It had been a week now since my Master told me an orgasm will only be granted to me once a year from now on. It didn't exactly come as the biggest surprise--that's how long I had to wait for three of my last four.

But actually hearing him confirm it has done something to me. I've been overflowing with both desperate horniness and ebullient happiness. Nothing feels better, nothing turns me on more, than being denied by him.

Something else has been happening too. I've been feeling even more submissive and focused on pleasing my Master than I usually am. The thing is I do want to cum, I want to cum desperately, and to want it so badly and be giving it up just to please him feels like the ultimate level of submission to me. So to hear him tell me that my denial is going to be enforced so strictly, nothing could make me feel more submissive than that. And when I feel incredibly submissive I'm a much better slave for him.

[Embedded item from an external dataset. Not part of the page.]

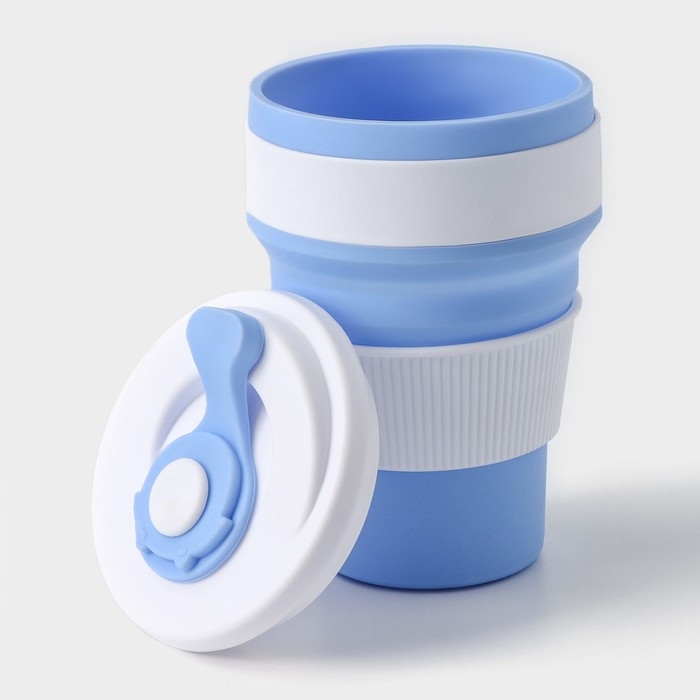 Стакан складной с крышкой Доляна «С собой», 350 мл, 8,5×14 см, цвет голубой

When he called me today and said he wanted to see me tonight, I was ecstatic. I hadn't seen him since the day he'd told me it's going to be another six months until I cum, and I've missed him. I didn't know what he had planned tonight. I just knew I wasn't going to be getting any pleasure.

Getting ready to go to his apartment, I tried even harder to make myself look sexy for him than I usually did. I always wanted to look nice for him, but with the way the denial was making me feel, it felt even more important than usual. I put on a very tight dark-blue velveteen dress that was just barely long enough to not be indecent, a white see-through thong and a matching lacy white pushup bra, my lacy red garter belt, black stockings with lacy tops and seams up the back, and a pair of shiny red heels my Master loves. I topped it off with bright red lipstick. I'd just gotten this shade, and seeing myself putting it on in the bathroom mirror, all I could think was "Your slut's lips would look so good wrapped around your cock this way, Sir."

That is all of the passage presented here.